----- Given entries
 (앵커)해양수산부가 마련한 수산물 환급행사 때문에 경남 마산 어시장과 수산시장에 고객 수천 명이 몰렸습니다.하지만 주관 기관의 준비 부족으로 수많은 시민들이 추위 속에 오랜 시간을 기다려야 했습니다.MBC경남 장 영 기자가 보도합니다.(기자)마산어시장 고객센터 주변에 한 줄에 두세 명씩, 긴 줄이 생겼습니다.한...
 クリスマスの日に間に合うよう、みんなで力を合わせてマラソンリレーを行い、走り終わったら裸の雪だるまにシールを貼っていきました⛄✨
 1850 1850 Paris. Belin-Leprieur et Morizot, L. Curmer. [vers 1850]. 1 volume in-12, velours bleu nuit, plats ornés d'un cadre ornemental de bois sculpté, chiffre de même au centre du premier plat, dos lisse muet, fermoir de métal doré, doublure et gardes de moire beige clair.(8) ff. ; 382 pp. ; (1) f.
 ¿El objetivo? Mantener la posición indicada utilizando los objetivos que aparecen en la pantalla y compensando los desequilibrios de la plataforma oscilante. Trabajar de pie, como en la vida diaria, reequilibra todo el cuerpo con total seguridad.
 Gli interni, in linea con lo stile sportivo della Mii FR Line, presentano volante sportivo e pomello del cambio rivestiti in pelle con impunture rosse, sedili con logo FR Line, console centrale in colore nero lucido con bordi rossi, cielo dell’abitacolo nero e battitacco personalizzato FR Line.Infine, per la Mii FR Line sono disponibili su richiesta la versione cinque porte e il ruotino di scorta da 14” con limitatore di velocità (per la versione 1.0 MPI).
----------
----- Given entries
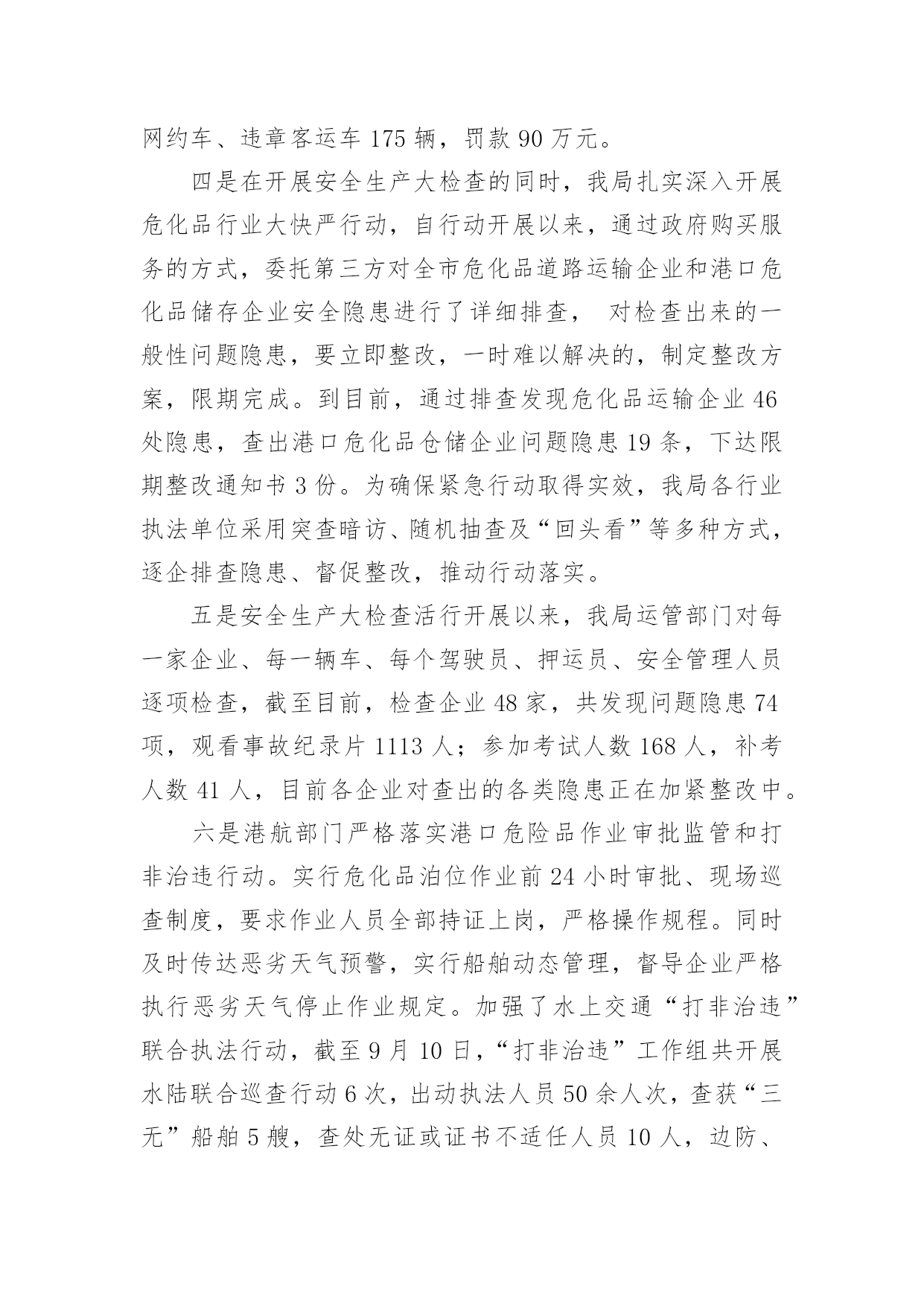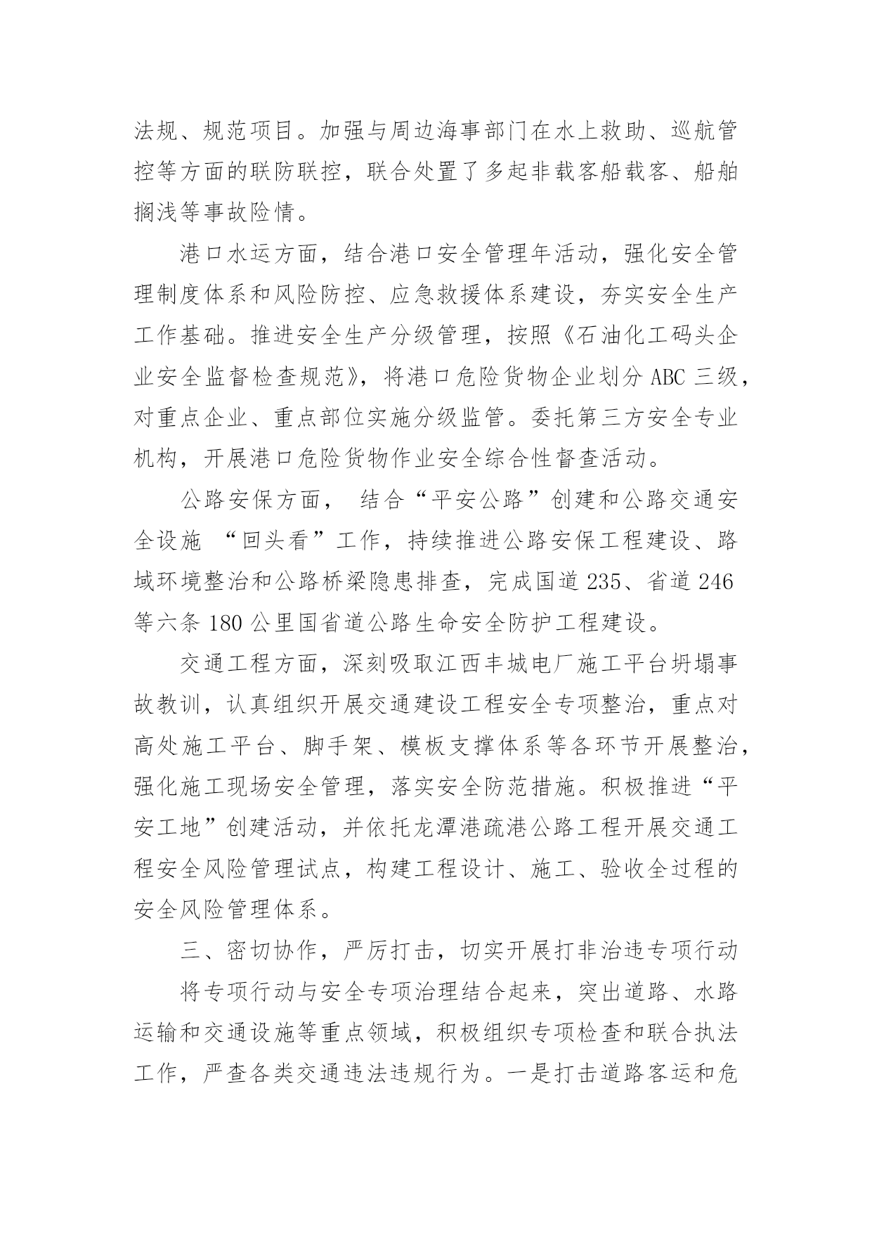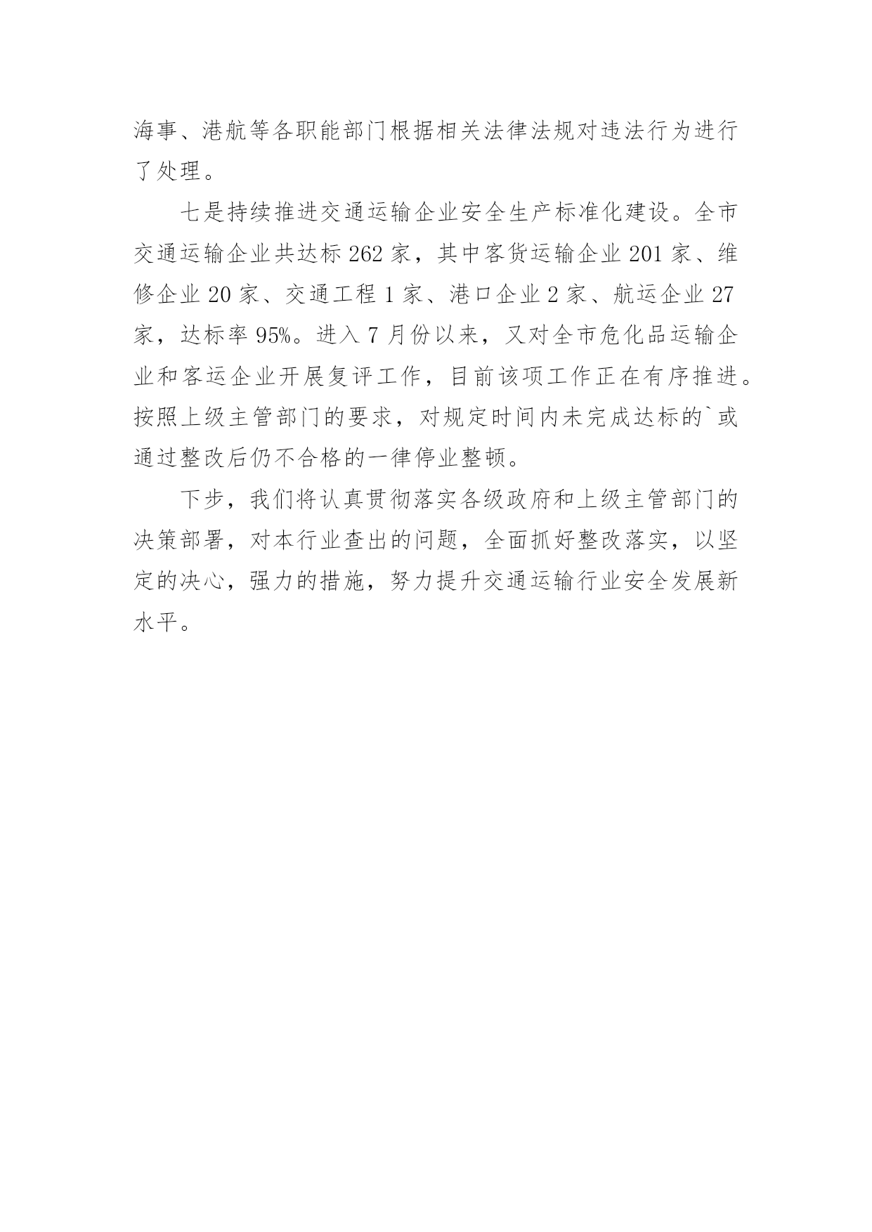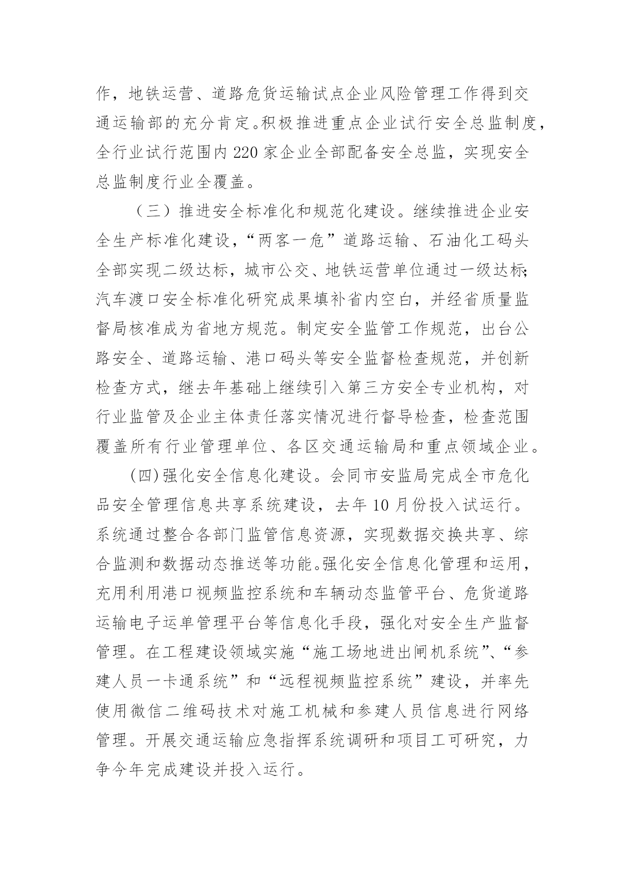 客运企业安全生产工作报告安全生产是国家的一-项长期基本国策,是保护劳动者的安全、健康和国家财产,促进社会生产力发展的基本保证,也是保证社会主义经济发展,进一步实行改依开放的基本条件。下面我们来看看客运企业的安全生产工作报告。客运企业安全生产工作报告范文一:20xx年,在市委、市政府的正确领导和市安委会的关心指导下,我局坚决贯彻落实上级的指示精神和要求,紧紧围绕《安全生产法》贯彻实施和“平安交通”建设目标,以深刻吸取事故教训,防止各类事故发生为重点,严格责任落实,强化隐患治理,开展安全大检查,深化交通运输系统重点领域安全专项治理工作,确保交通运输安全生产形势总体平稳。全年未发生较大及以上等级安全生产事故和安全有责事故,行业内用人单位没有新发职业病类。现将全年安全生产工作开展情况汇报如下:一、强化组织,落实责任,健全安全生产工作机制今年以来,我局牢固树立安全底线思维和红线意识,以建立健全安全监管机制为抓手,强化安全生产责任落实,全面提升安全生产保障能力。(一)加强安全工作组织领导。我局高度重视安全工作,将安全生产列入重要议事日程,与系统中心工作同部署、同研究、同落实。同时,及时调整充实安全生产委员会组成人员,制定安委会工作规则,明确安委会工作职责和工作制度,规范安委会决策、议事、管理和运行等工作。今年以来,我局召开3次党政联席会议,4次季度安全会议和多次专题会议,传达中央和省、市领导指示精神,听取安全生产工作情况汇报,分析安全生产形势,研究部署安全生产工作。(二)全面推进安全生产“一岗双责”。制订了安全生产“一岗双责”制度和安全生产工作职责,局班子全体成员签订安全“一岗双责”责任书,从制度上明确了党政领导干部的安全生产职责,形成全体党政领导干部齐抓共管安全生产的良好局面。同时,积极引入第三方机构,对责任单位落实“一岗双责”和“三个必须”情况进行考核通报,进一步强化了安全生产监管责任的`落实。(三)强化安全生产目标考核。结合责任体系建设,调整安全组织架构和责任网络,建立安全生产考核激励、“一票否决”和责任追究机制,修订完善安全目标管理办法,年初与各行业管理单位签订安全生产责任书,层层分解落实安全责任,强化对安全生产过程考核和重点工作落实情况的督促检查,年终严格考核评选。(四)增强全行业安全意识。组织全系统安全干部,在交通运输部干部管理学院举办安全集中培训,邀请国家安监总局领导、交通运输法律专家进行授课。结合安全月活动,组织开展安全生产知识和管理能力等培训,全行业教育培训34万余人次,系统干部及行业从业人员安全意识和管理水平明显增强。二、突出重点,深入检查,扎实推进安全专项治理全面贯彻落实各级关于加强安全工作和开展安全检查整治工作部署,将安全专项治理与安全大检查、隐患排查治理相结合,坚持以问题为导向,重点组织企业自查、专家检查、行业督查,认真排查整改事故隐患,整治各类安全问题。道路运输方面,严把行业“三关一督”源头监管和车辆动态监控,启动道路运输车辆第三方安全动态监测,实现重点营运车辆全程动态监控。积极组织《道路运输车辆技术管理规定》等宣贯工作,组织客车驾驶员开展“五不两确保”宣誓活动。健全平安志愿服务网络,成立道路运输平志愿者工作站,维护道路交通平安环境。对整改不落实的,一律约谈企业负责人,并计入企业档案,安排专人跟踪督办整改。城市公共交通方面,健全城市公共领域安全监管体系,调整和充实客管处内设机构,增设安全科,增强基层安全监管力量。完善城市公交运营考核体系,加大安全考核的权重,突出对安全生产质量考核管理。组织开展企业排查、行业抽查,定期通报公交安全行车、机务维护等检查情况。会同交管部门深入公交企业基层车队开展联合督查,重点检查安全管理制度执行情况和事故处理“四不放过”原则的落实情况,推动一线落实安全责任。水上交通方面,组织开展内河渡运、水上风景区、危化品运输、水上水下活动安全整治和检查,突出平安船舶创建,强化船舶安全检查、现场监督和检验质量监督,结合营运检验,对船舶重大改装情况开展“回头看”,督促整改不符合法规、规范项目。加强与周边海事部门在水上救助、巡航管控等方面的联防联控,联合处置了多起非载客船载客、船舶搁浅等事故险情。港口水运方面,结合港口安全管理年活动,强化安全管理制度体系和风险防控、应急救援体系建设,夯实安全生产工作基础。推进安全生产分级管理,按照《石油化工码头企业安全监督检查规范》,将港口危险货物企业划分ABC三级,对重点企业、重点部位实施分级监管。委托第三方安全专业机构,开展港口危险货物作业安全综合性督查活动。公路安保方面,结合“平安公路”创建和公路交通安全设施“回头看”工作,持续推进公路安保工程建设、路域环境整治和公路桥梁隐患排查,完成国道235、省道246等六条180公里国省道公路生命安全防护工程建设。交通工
----------
▸ Exercise brief: Look above for the line holding "(앵커)해양수산부가 마련한 수산물" and the line holding "Gli interni, in", then output exactly those two lines and every line between them, nothing more.

▸ Result for this exercise:
 (앵커)해양수산부가 마련한 수산물 환급행사 때문에 경남 마산 어시장과 수산시장에 고객 수천 명이 몰렸습니다.하지만 주관 기관의 준비 부족으로 수많은 시민들이 추위 속에 오랜 시간을 기다려야 했습니다.MBC경남 장 영 기자가 보도합니다.(기자)마산어시장 고객센터 주변에 한 줄에 두세 명씩, 긴 줄이 생겼습니다.한...
 クリスマスの日に間に合うよう、みんなで力を合わせてマラソンリレーを行い、走り終わったら裸の雪だるまにシールを貼っていきました⛄✨
 1850 1850 Paris. Belin-Leprieur et Morizot, L. Curmer. [vers 1850]. 1 volume in-12, velours bleu nuit, plats ornés d'un cadre ornemental de bois sculpté, chiffre de même au centre du premier plat, dos lisse muet, fermoir de métal doré, doublure et gardes de moire beige clair.(8) ff. ; 382 pp. ; (1) f.
 ¿El objetivo? Mantener la posición indicada utilizando los objetivos que aparecen en la pantalla y compensando los desequilibrios de la plataforma oscilante. Trabajar de pie, como en la vida diaria, reequilibra todo el cuerpo con total seguridad.
 Gli interni, in linea con lo stile sportivo della Mii FR Line, presentano volante sportivo e pomello del cambio rivestiti in pelle con impunture rosse, sedili con logo FR Line, console centrale in colore nero lucido con bordi rossi, cielo dell’abitacolo nero e battitacco personalizzato FR Line.Infine, per la Mii FR Line sono disponibili su richiesta la versione cinque porte e il ruotino di scorta da 14” con limitatore di velocità (per la versione 1.0 MPI).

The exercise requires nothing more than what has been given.